_What the task asks_
Repeat exactly the lines below from the line that contains "在首页点击底部的【线路】选项,就能进入线路查询页面。" to the last line, inclusive, without the pictures.

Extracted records
- Opening Delimiter -

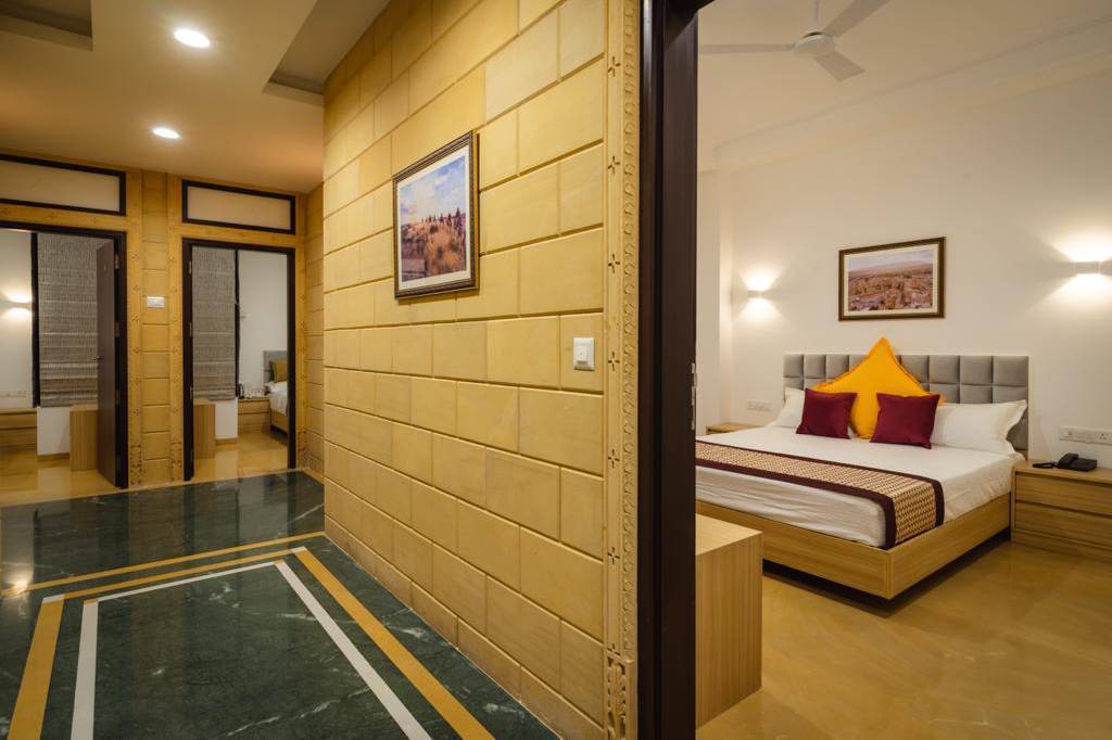 Hotel Aradhya is a comfortable stay option in Jaisalmer’s Achalvanshi Colony, featuring air-conditioned rooms with TV, tea/coffee kettles, and hot water facilities. Guests enjoy a relaxing atmosphere, easy access to local attractions, and welcoming service that ensures a memorable desert stay.
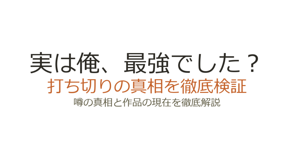 『実は俺、最強でした?』は打ち切りではなく、2026年3月現在も漫画・小説ともに連載が続いている作品です。アニメが全12話で終了したことや、Web小説の更新停止・漫画の休載が重なり、打ち切り説が広まりました。この記事では、打ち切りと言われた具体的な理由と、連載が継続している根拠を詳しく解説します。
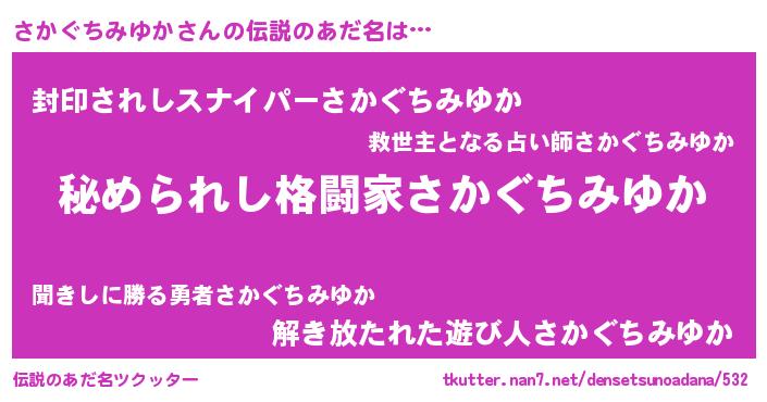 | 男性向けラノベタイトル風あだ名 | 『やはりさかぐちみゆかの青春ラブコメはまちがっている 』 |
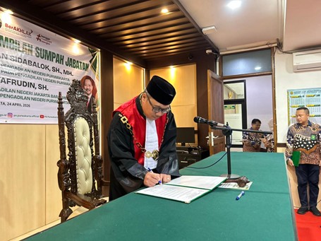 Pada Hari Jum’at tanggal 24 April 2026, Pengadilan Negeri Purwakarta melaksanakan acara pelantikan dan pengambilan sumpah jabatan bertempat di ruang sidang Cakra pada Pengadilan Negeri Purwakarta. Acara berlangsung dengan khidmat dan dihadiri oleh jajaran pimpinan, para hakim, pejabat struktural dan fungsional, serta tamu undangan.
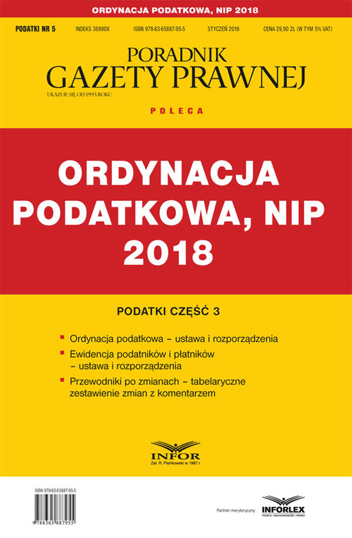 Publikacja zawiera komplet podstawowych przepisów podatkowych: •Ordynację podatkową, •ustawę o ewidencji i identyfikacji podatników i płatników (NIP), •wybrane przepisy wykonawcze (rozporządzenia w sprawach podatkowych) obowiązujące w 2018 r., wydane na podstawie przepisów ustaw podatkowych. W publikacji zamieszczono również przewodniki po zmianach w przepisach Ordynacji podatkowej i NIP w formie tabelarycznej. Przewodniki zawierają porównanie treści przepisów przed i po zmianie oraz komentarze ekspertów objaśniające każdą wprowadzoną zmianę. Dzięki temu łatwo można dowiedzieć się nie tylko, na czym polega zmiana, ale też dlaczego została wprowadzona i czemu ma służyć
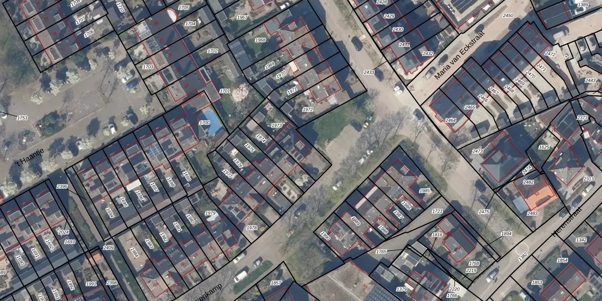 Gebruik de zoekbalk of klik op een perceel voor informatie over de adressen binnen dit perceel.
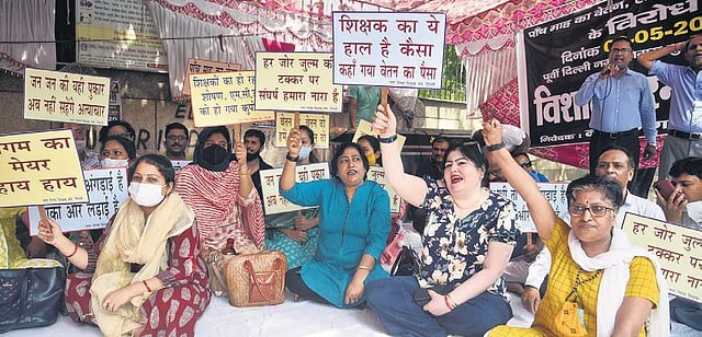 NEW DELHI: Over a thousand teachers along with other staff employed with the East Delhi Municipal Corporation (EDMC) sat on a mass ‘dharna’ before the civic body headquarters at Udyog Sadan, Patparganj, demanding their salaries pending for the past five months.
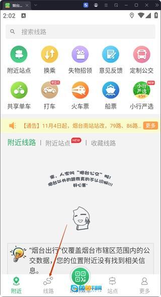 在首页点击底部的【线路】选项,就能进入线路查询页面。
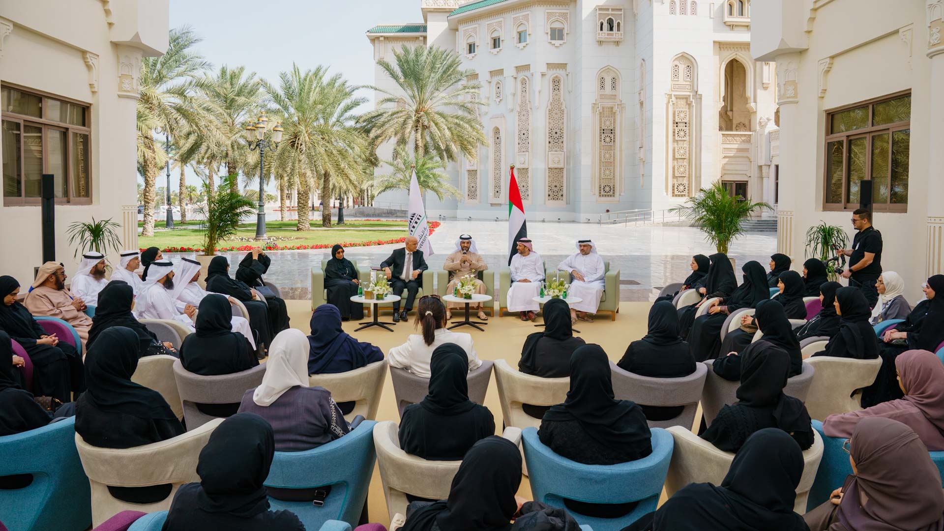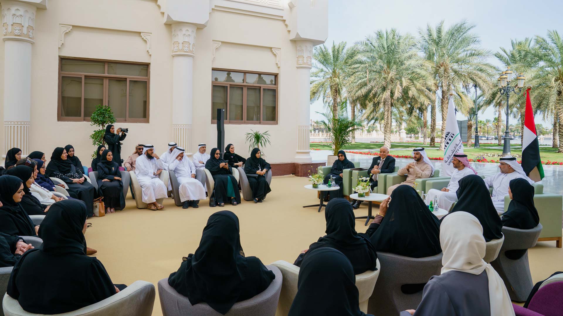 وألقى الدكتور حميد مجول النعيمي مدير جامعة الشارقة كلمة أشار خلالها إلى جهود صاحب السمو الشيخ الدكتور سلطان بن محمد القاسمي، عضو المجلس الأعلى حاكم الشارقة، في تأسيس الجامعة والتركيز على أن تكون من ضمن نخبة الجامعات على مستوى العالم، كما ثمن دعم واهتمام ومتابعة سمو رئيس الجامعة الحثيثة من أجل تعزيز مكانة الجامعة وتحقيق هدف رفع نسبة التوطين في الهيئة التدريسية بجامعة الشارقة، والذي يبلغ عددهم الآن 65 أستاذاً وأستاذة.
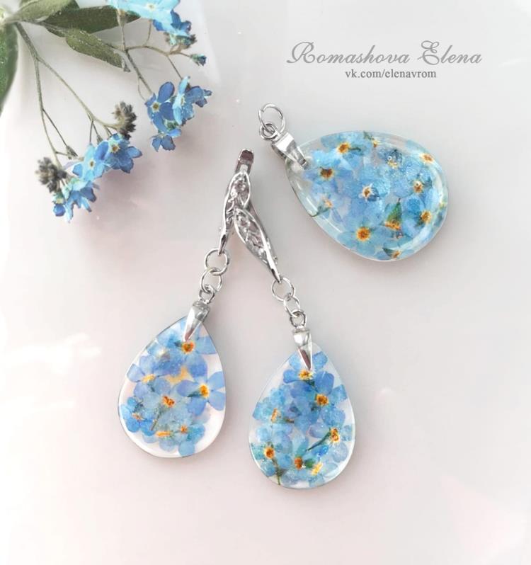 «Буквально полгода назад на просторах интернета я увидела фотографии украшений с застывшими внутри растениями. Меня очень заинтересовало, как и из чего они сделаны. Вдохновившись, захотела повторить», - делится Елена Владиславовна.
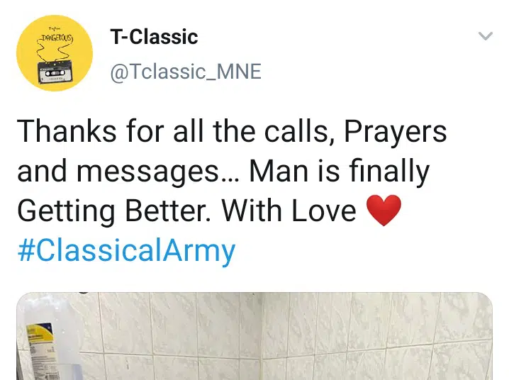 “Thanks for all the calls, Prayers and messages… Man is finally Getting Better. With Love ❤️ #ClassicalArmy.”
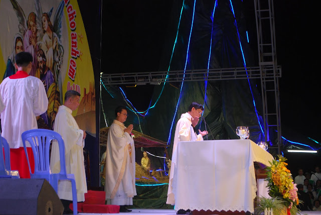 Lúc 21g00, thánh lễ do cha sở Simon Nguyễn Văn Thu và quý cha phó cùng đồng tế trong bầu không khí rất đặc biệt, bởi không làm sao diễn tả được vẻ huy hoàng của đêm Giáng sinh, trên bầu trời đêm tinh tú lấp lánh, những bài thánh ca du dương, chia sẻ bao xúc cảm từ muôn cõi lòng hướng về hang đá đơn sơ khó hèn, hình ảnh của một gia đình thánh.

- Closing Delimiter -

_Reply to the task_
 在首页点击底部的【线路】选项,就能进入线路查询页面。
 وألقى الدكتور حميد مجول النعيمي مدير جامعة الشارقة كلمة أشار خلالها إلى جهود صاحب السمو الشيخ الدكتور سلطان بن محمد القاسمي، عضو المجلس الأعلى حاكم الشارقة، في تأسيس الجامعة والتركيز على أن تكون من ضمن نخبة الجامعات على مستوى العالم، كما ثمن دعم واهتمام ومتابعة سمو رئيس الجامعة الحثيثة من أجل تعزيز مكانة الجامعة وتحقيق هدف رفع نسبة التوطين في الهيئة التدريسية بجامعة الشارقة، والذي يبلغ عددهم الآن 65 أستاذاً وأستاذة.
 «Буквально полгода назад на просторах интернета я увидела фотографии украшений с застывшими внутри растениями. Меня очень заинтересовало, как и из чего они сделаны. Вдохновившись, захотела повторить», - делится Елена Владиславовна.
 “Thanks for all the calls, Prayers and messages… Man is finally Getting Better. With Love ❤️ #ClassicalArmy.”
 Lúc 21g00, thánh lễ do cha sở Simon Nguyễn Văn Thu và quý cha phó cùng đồng tế trong bầu không khí rất đặc biệt, bởi không làm sao diễn tả được vẻ huy hoàng của đêm Giáng sinh, trên bầu trời đêm tinh tú lấp lánh, những bài thánh ca du dương, chia sẻ bao xúc cảm từ muôn cõi lòng hướng về hang đá đơn sơ khó hèn, hình ảnh của một gia đình thánh.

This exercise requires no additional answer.